Dominick Occhicone: Sentenced to death in 1987 for killing the parents of his ex-fiancee because she ended their relationship. In 1986 he cut the phone lines at her parents' Holiday home, then fatally shot her father, Raymond Artzner, 66, once and her mother, Evelyn Artzner, 62, four times. Occhicone was 41 then. He's 62 now.

Samuel Jason Derrick: In 1988 he was convicted and sentenced to death for the murder a year earlier of Moon Lake General Store owner Rama Sharma, 55. Sharma had been stabbed 31 times and had $360 in receipts on him. Derrick was 20 at the time of the murder. He is now 40.

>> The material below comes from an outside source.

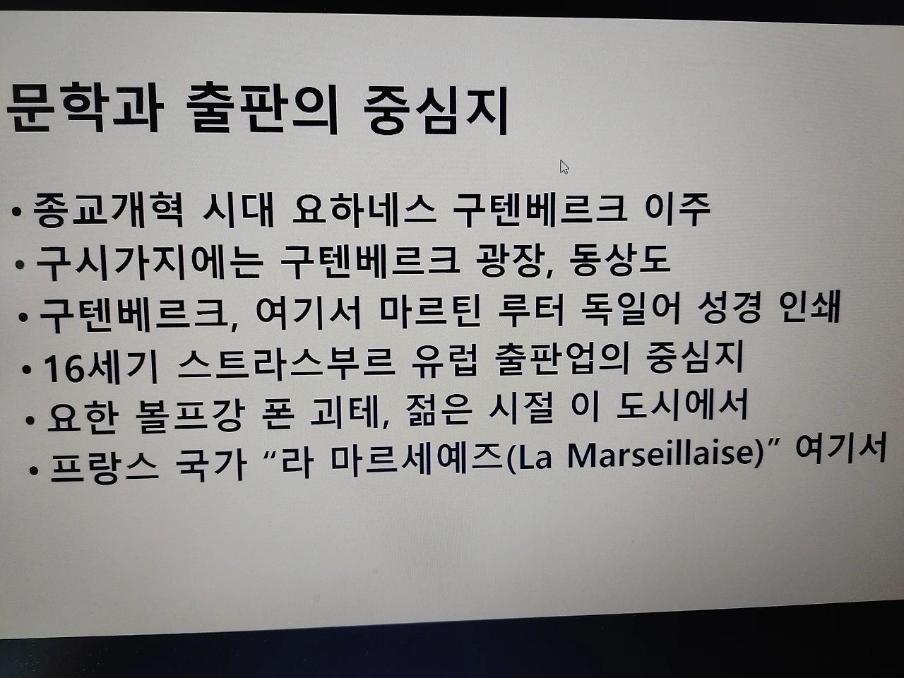 네 번째 도시는 독일과 프랑스의 접경지역에 있는 프랑스의 스트라스부르다. 역사적으로 프랑스와 독일간의 영토분쟁이 끊이지 않았던 곳인데, 현재는 30만의 작은 인구에도 불구하고 EU의 집행부와 의회 뿐만 아니라 유럽 인권재판소가 있는 가히 통합 유럽의 중심도시이다. 일찌기 842년 프랑스어로 쓰인 최초의 공식문서였다는 '스트라스부르 서약'이 체결되었고, 1201년 왕과 영주들로부터 자유도시로 인정받은 후, 이 도시는 학문과 예술, 출판이 번영을 누렸다고 한다. 구텐베르크가 루터의 독일어 성경을 인쇄한 곳도 이곳이었고, 자화상으로 유명한 독일의 화가 알브레히트 뒤러와 괴테도 젊은 시절을 이 도시에서 보냈으며, 프랑스의 국가 '라 마르세예즈'도 이 도시에서 탄생했다. 현대에 들어서는 전유럽을 강타한 6.8운동의 견인차 역할을 한 곳도 바로 스트라스부르 대학교였다고 한다. 놀라운 사실은 예전에 우리 국어교과서에도 실려서, 나라와 모국어를 잃은 백성들 이야기라는 점에서 많은 사람들의 공감을 얻은 '마지막 수업'의 작가 알퐁스 도데가 진실을 왜곡한 극우 쇼비니스트였다는 사실이었다. 당대 그 지역의 모국어는 오히려 독일어였고, 프랑스적인 애국심은 지나치게 왜곡되고 과장된 것이었다고... 브렉시트로 영국이 탈퇴하고, 회원국들 간의 경제적 격차, 헤게모니 쟁탈전으로 통합의 어려움을 겪고 있는 EU의 앞날을 세계인들과 더불어 세심하게 지켜볼 일이다. 이제 다음 주 마지막 도시는 프라이부르크로!!
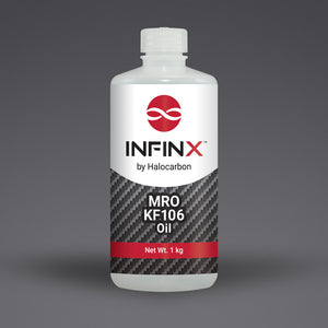 InfinX MRO KF106 is a premium lubricating oil designed for use in extreme conditions at high temperatures. Formulated using Halocarbon PFPE Technology, this universal oil is safe for use across a broad range of applications. InfinX MRO KF106 is chemically inert and nonflammable and provides superior lubrication across a mid-range of temperatures (–40 °C to +260 °C).

Alvin Leroy Morton: Has been sentenced to death twice for his role in Hudson's infamous 1992 "pinkie finger murders." Morton, then 20, and three friends shot 55-year-old John Bowers dead and nearly severed the head of his 75-year-old mother, Madeline Weisser. Bowers' right pinkie finger was cut off as a trophy. Morton, whose 1994 conviction was overturned but who was again convicted and sentenced in 1999, is now 35.

Michael Peter Fitzpatrick: In 1996, Laura Lynn Romines died at age 28, two weeks after she was found raped and stabbed in the neck on a Land O'Lakes road. Fitzpatrick was 38 when he was convicted and sentenced to death in 2001. Now 45, Fitzpatrick's sentence was upheld by the Florida Supreme Court in 2005.